When people learn normative systems, they do so based on limited evidence. Many of the possible actions that are available to an agent have never been explicitly permitted or prohibited. But people will often need to figure out whether those unspecified actions are permitted or prohibited. How does a learner resolve this incompleteness? It seems that at least for many people in many contexts, there is an assumption that if an action-type is not expressly forbidden, then acts of that type are permitted. This “closure principle” is one of Liberty. But how might such a principle be acquired?

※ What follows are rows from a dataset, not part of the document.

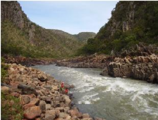
Figura 10: Funil; pescadores das comunidades. Autoria: Luana N. M. de Lima, maio 2011.
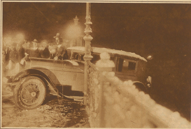
Ein eigenartiger Autounfall ereignete sich in der Nacht vom Montag auf den Dienstag auf der Weisssteinstrasse in Basel, wo ein strom Taxi vorfahrendes Auto mit dem hinteren Wagenteil gegen das guttöse Gelände gerieten wurde, dieses durchbroch und schliesslich beinahe zur Hälfte über der stühnenden Tiefe hingab. Es läst sich leicht denken, in welcher Grotteskverfassung die drei Insassen, an denen der Ted haarscharf vorübergang, aus dem Auto gedorren sind.
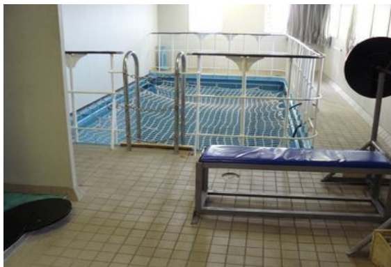
Innenpool mit kleinem Fitnessraum

This chapter argues that the statistical technique of pedagogical sampling provides an answer. If one is taught a rule system via a set of prohibitions, this provides reason to think that the set of actions in the domain that are not mentioned in the prohibitions are permitted.
关闭
当人们学习规范系统时,他们是基于有限的证据来学习的。代理人可以采取的许多可能的行动从未得到明确的允许或禁止。但人们通常需要弄清楚这些未指明的行为是允许的还是禁止的。学习者如何解决这种不完整性?似乎至少对很多人来说,在很多情况下,有一个假设,如果一种行为类型没有被明确禁止,那么这种类型的行为是允许的。这种“封闭原则”是自由主义的原则之一。但是怎样才能获得这样的原则呢?本章认为,教学抽样的统计技术提供了一个答案。如果一个人是通过一组禁止来学习规则系统的,那么这就提供了理由来认为禁止中没有提到的领域中的一组操作是允许的。
本文章由计算机程序翻译,如有差异,请以英文原文为准。